*** PROVIDED MATERIAL Section Begins ***
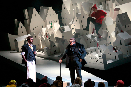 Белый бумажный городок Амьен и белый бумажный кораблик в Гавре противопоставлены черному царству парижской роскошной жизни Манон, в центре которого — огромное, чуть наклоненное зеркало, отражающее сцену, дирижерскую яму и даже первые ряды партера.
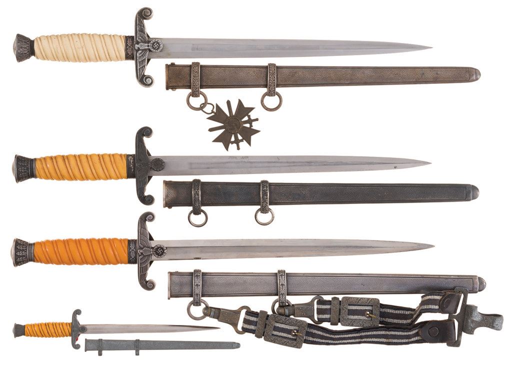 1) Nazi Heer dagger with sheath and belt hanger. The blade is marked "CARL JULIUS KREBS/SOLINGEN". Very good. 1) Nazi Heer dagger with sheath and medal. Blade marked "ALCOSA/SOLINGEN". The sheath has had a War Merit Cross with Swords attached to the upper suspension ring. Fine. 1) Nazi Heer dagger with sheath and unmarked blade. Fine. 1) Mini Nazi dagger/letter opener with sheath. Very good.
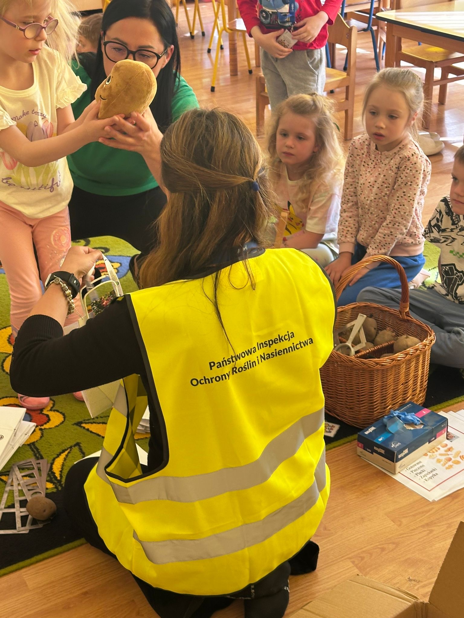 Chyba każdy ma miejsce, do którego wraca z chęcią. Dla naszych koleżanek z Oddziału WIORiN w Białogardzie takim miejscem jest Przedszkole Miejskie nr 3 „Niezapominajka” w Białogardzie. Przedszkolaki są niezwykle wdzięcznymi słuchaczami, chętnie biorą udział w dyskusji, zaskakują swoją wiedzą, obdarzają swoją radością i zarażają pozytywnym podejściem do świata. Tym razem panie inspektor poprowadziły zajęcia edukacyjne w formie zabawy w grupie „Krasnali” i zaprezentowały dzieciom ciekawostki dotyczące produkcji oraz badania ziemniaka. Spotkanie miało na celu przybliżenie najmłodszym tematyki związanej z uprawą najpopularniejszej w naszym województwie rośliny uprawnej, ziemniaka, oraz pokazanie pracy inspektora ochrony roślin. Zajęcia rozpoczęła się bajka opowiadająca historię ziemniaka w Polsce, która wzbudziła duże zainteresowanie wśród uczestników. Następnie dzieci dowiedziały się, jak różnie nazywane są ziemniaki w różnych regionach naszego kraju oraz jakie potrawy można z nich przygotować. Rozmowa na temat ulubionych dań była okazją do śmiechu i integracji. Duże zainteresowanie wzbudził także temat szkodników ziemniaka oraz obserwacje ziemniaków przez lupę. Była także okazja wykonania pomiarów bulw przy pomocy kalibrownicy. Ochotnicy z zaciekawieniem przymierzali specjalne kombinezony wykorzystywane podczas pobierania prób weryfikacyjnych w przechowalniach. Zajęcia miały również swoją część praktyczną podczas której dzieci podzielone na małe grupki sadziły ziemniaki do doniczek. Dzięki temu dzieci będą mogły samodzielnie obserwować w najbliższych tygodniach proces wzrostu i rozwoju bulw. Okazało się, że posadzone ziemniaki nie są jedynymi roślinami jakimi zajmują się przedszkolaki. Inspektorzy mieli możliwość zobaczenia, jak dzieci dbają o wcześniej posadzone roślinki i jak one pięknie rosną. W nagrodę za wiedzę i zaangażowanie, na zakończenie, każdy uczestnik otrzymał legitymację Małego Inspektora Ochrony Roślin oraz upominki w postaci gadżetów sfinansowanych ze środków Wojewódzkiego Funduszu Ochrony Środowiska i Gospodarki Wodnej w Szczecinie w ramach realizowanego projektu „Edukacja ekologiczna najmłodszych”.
*** PROVIDED MATERIAL Section Ends ***
*** PROVIDED MATERIAL Section Begins ***
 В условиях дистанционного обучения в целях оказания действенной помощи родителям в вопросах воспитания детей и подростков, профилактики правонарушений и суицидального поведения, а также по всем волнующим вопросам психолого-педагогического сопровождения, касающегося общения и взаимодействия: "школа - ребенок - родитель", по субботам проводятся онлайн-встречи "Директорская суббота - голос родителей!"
*** PROVIDED MATERIAL Section Ends ***
WHAT IS REQUIRED:
Nothing but the lines from the one containing "Белый бумажный городок" through the one containing "1) Nazi Heer dagger with sheath and belt" should appear, copied exactly from the material above and without pictures.

RESULT FOR THIS TASK:
 Белый бумажный городок Амьен и белый бумажный кораблик в Гавре противопоставлены черному царству парижской роскошной жизни Манон, в центре которого — огромное, чуть наклоненное зеркало, отражающее сцену, дирижерскую яму и даже первые ряды партера.
 1) Nazi Heer dagger with sheath and belt hanger. The blade is marked "CARL JULIUS KREBS/SOLINGEN". Very good. 1) Nazi Heer dagger with sheath and medal. Blade marked "ALCOSA/SOLINGEN". The sheath has had a War Merit Cross with Swords attached to the upper suspension ring. Fine. 1) Nazi Heer dagger with sheath and unmarked blade. Fine. 1) Mini Nazi dagger/letter opener with sheath. Very good.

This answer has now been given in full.